CODEWITHSUNDEEP
c++classcudaoperator-overloading
Vitality
Vitality

Reputation: 21505

Compilation seems not to follow the correct path among different operator= overloads

I have two matrix classes, one for the CPU and one for the GPU, say Matrix and CudaMatrix, respectively. Declarations and definitions are in files .h, .cpp, .cuh and .cu. In the main, I have 

Matrix<int2_>      foo1(1,2);
// Definition of the elements of foo1...
CudaMatrix<int2_>  foo2(1,2);

cout << typeid(foo1).name() << "\n";
cout << typeid(foo2).name() << "\n";

// Equality
foo2=foo1;

Now, I have no operator= overload between a CudaMatrix and a Matrix, but I have the following operator= overload

const CudaMatrix& operator=(const CudaMatrix<LibraryNameSpace::int2_>&);

between two CudaMatrix. What happens is the following:

  1. The two typeid's return the correct classes for foo1 and foo2;
  2. The above operator= overload is compiled and invocated at runtime for the foo2=foo1 assignment. I would have expected, on the contrary, a compilation error;
  3. The result of the assignment leads to a correct result for foo2!

I'm using Visual Studio 2010 and compiling in release mode.
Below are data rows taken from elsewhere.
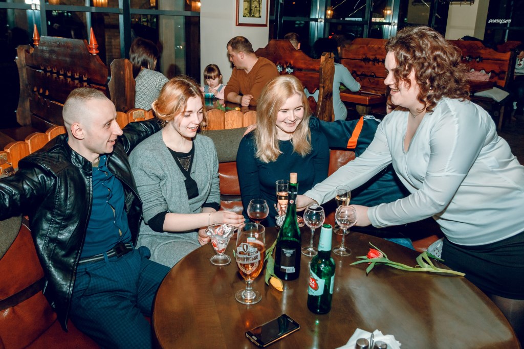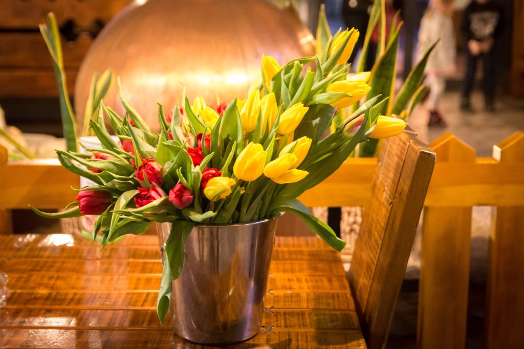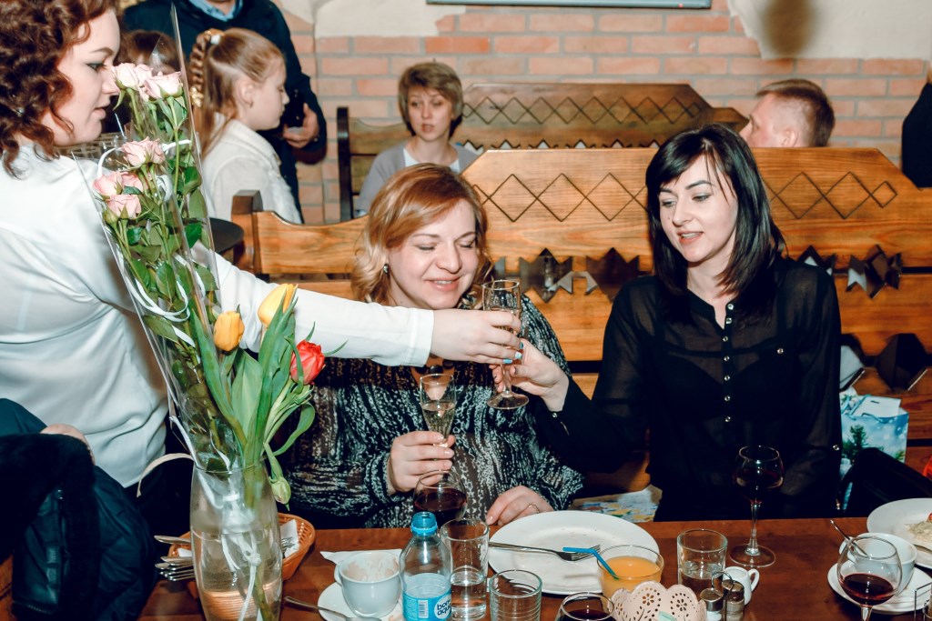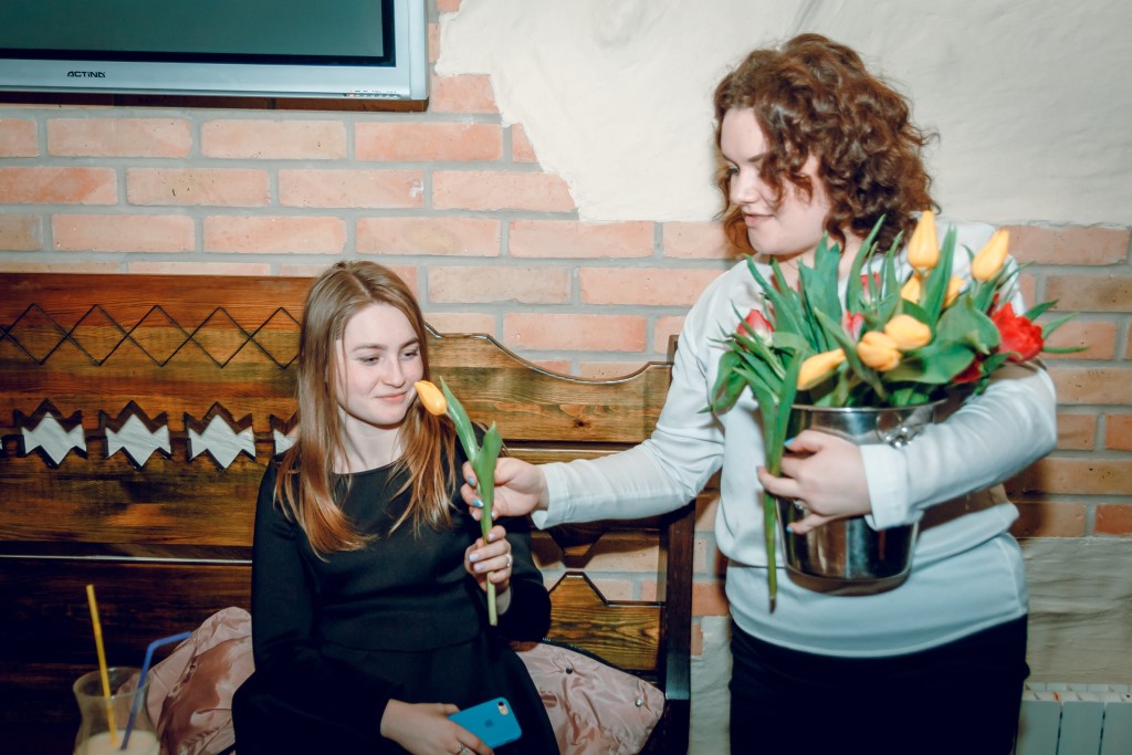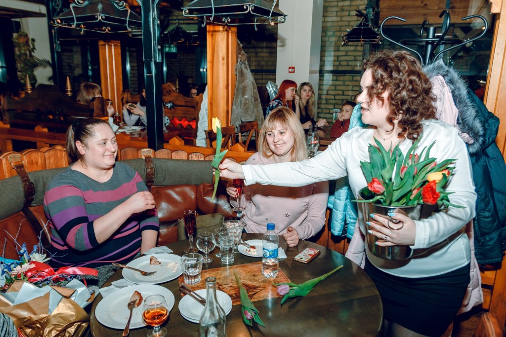 Для гостей ресторації «Брама» адміністрація підготувала сюрприз. Усім жінкам ввечері 8-го березня дарували квіти та частували ігристим.
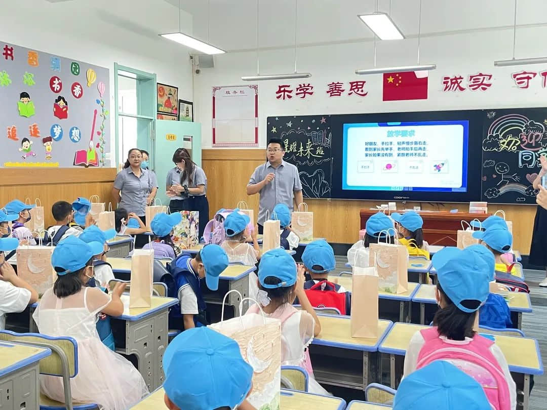 在一年级学生进入教室后,李校长及学校其他领导,进班与小朋友亲切友好交流,虽然校长和教室都是陌生的,但是校长脸上灿烂和蔼的笑容和教室温暖的布置,让孩子们立马感受到了安心。看他们坐姿端正、安静聆听,是多么惹人喜欢的一群小可爱。
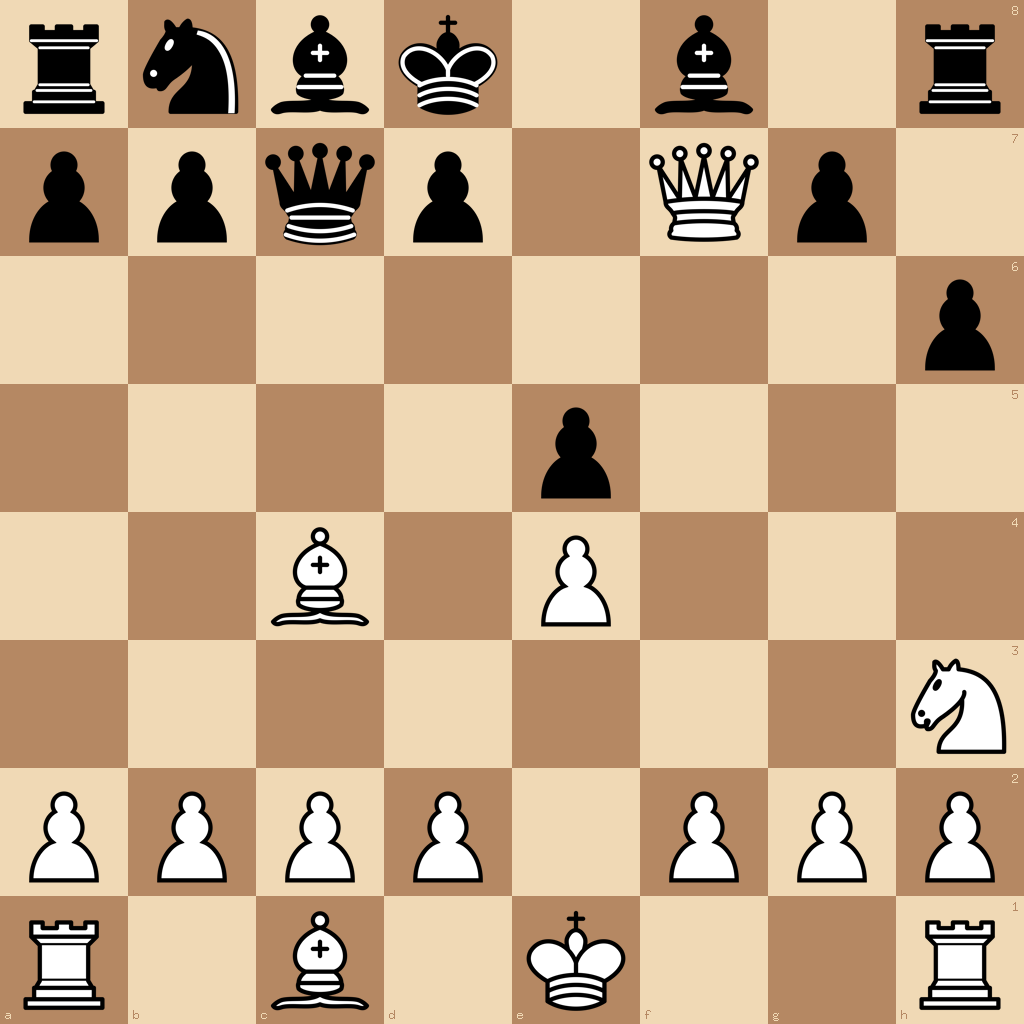 1.e4 Nf6 2.Nc3 Ng4 3.Nh3 e5 4.Qxg4 h6 5.Bc4 Qf6 6.Nd5 Qg6 7.Qf3 Qc6 8.Nxc7+ Qxc7
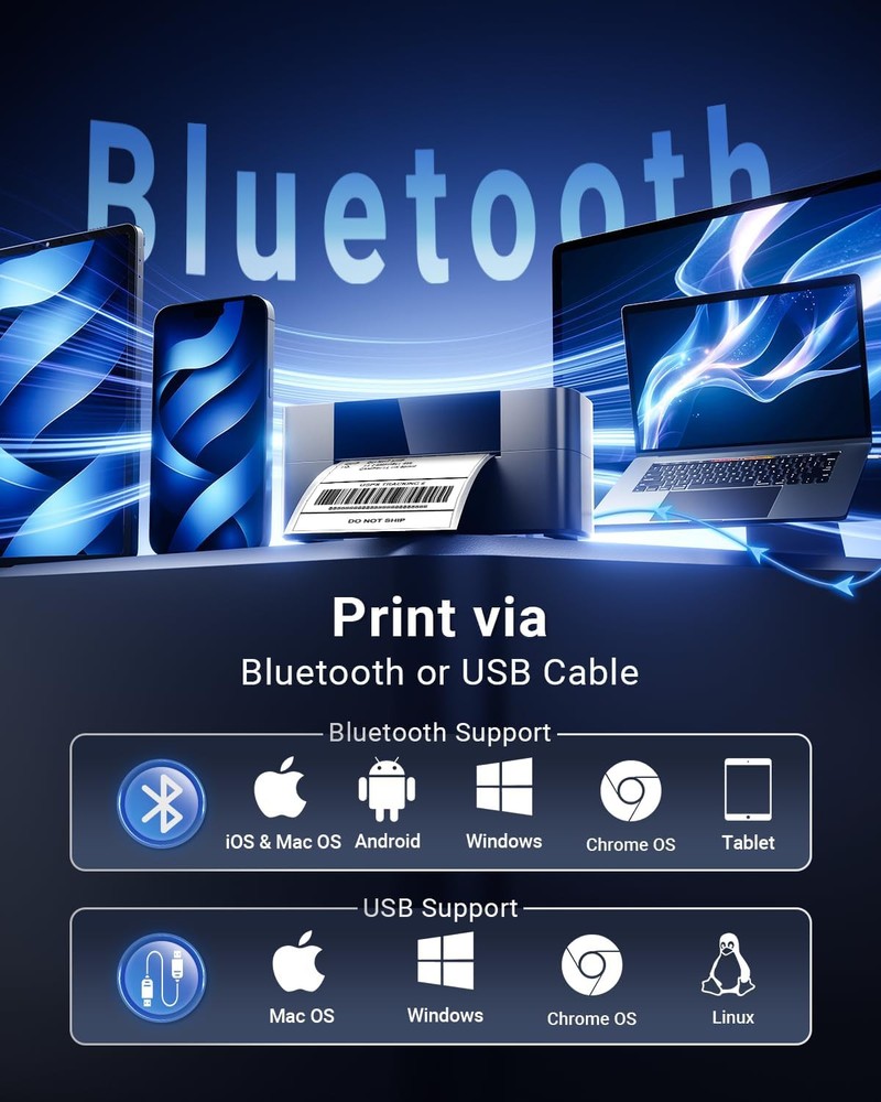 Bluetooth Thermal Shipping Label Printer, Wireless Grey Description Features: Upgraded 245BT Bluetooth Shipping Label Printer - Quick, Simple, and Affordable! The thermal shipping label printer 4x6 offers both Bluetooth and USB connectivity options. Leave behind the old-fashioned printing methods and step into the future of printing technology. The Bluetooth connection is compatible with iOS, Android, Mac OS, Windows and Chrome OS. If you favor a USB connection, this shipping label printer is also compatible with Windows, Mac OS, Chrome OS, and Linux system Quick Printing - With this bluetooth label printer 4x6, you can print from virtually anywhere! Capable of printing at a speed of 150 mm/s, the Bluetooth thermal shipping label printer can generate up to 72 sheets of 4x6 labels every minute. It's the ultimate choice for your labeling needs Compact Design and Robust Quality - The thermal label printer 4x6 is lightweight, weighing just 1.59 lbs, with dimensions of 3.14"D x 8.38"W x 3.7"H. Its compact size allows it to fit easily in your backpack. Each product undergoes rigorous quality inspection before leaving the factory, ensuring reliability and durability Comprehensive Product Tutorials and Support - If you have any questions or concerns about our thermal shipping label printers, please refer to our detailed operating manuals and video tutorials to resolve the issue easily. Whether you run a small home-based business or a large e-commerce warehouse, you can effortlessly manage high-volume printing needs, making your print jobs more efficient and manageable Product Details: Product Dimensions: 3.15"D x 8.35"W x 3.7"H Controller Type: Windows & Mac OS & Chrome OS, Android & iOS Printer Media Size Maximum: 4 x 6 inches Included Components: 1 * Power Cord & Adapter, 10 * 4x6 Shipping labels, 1 * USB-C Adapter for MAC OS, 1 * Quick Start Guide for label printer 4x6, 1 * PM-245BT Thermal Shipping Label Printer Print media: Labels Scanner Type: Portable Max Input Sheet Capacity: 500 Compatible Devices: Smartphones, PC, Tablets, Laptops Maximum Color Print Resolution: 203 dpi Sheet Size: 4 x 6 Inches Maximum Black and White Print Resolution: 203dpi Dual-sided printing: No Max copy resolution black-white: 203dpi Duplex: Automatic Hardware Interface: USB Resolution: 203 x 203 dpi Additional Printer functions: Print Only Control Method: App Number of Drivers: 2 Processor Count: 1 Series Number: 245 Number of USB 2 Ports: 1 Total USB Ports: 1 Model Series: Bluetooth Shipping Label Printer 4x6 Specific Uses For Product: Office, Enterprise, Home Printer Ink Type: Bluetooth thermal Shipping Label Printer Item Weight: 1.59 pounds Item model number: 245BT Bluetooth Shipping Label Printer Manufacturer: WCZ Country of Origin: China Brand: WCZ Connectivity Technology: Bluetooth, USB Printing Technology: Thermal Special Feature: Thermal Print Technology (No ink & No toner), Upgraded 245BT Bluetooth Shipping Label Printer, Easy to Set up, Print Clearly (203 dpi), Automatic Calibration Labels Thermal Print Technology (No ink & No toner), Upgraded 245BT Bluetooth Shipping Label Printer, Easy to Set up, Print Clearly (203 dpi), Automatic Calibration LabelsThermal Print Technology (No ink & No toner), Upgraded 245BT Bluetooth Shipping Label Printer, Easy to Set up, Print Clearly (203 dpi), Automatic Calibration Labels See more Color: Grey Model Name: 245BT Thermal Shipping Label Printer 4x6 Printer Output: Monochrome Maximum Print Speed (Color): 72 ppm Max Printspeed Monochrome: 72 ppm Item Weight: 1.59 Pounds Handling We will ship all orders within 3 business day of payment. Delivery We take pride in offering fast and reliable delivery for your orders! We are committed to getting your products to you as quickly as possible. Generally, we would like to inform you that all orders will be delivered to you within 1-3 business days after processing.However, in some cases, delivery times may vary depending on the buyer's location. Especially in remote or rural areas, the expected delivery time may be extended. In such situations, we do our best to ensure that your order reaches you as quickly as possible.If there are any delays, we will be happy to contact you to explain the situation. Our goal is to enhance your satisfaction with our fast delivery times. We work diligently to ensure that your order arrives safely.Trust us and enjoy our speedy delivery! Return Policy All items qualify for returns within 30 days of receipt. Buyer is responsible for return shipping on any item that is not damaged. Feedback We take our reputation seriously, we buy and sell online, so we understand the value of trust. If you are unsatisfied with your order, please contact us and we will work with you to resolve it to your satisfaction.

Anyone has some hints on why this apparently illogic behavior occurs?

Thanks.

Upvotes: 1

Views: 80

Answers (1)

talonmies
talonmies

Reputation: 72342

They key to why this works is because you have both a copy constructor and an explicit copy assignment operator. These two things together are what make a seemingly undefined case function correctly. So when you do this:

Matrix<int2_>      foo1(1,2);
CudaMatrix<int2_>  foo2(1,2);

foo2 = foo1;

what happens is the equivalent of this:

Matrix<int2_>      foo1(1,2);
CudaMatrix<int2_>  foo2(1,2);

// foo2 = foo1;
{   
    CudaMatrix<int2_> x(foo1); // copy constructor
    foo2 = x; // Copy assignment
}

Note that there are device memory usage implications you should be aware of at play here (ie. two device memory allocations and two sets of whatever API calls you have under the hood).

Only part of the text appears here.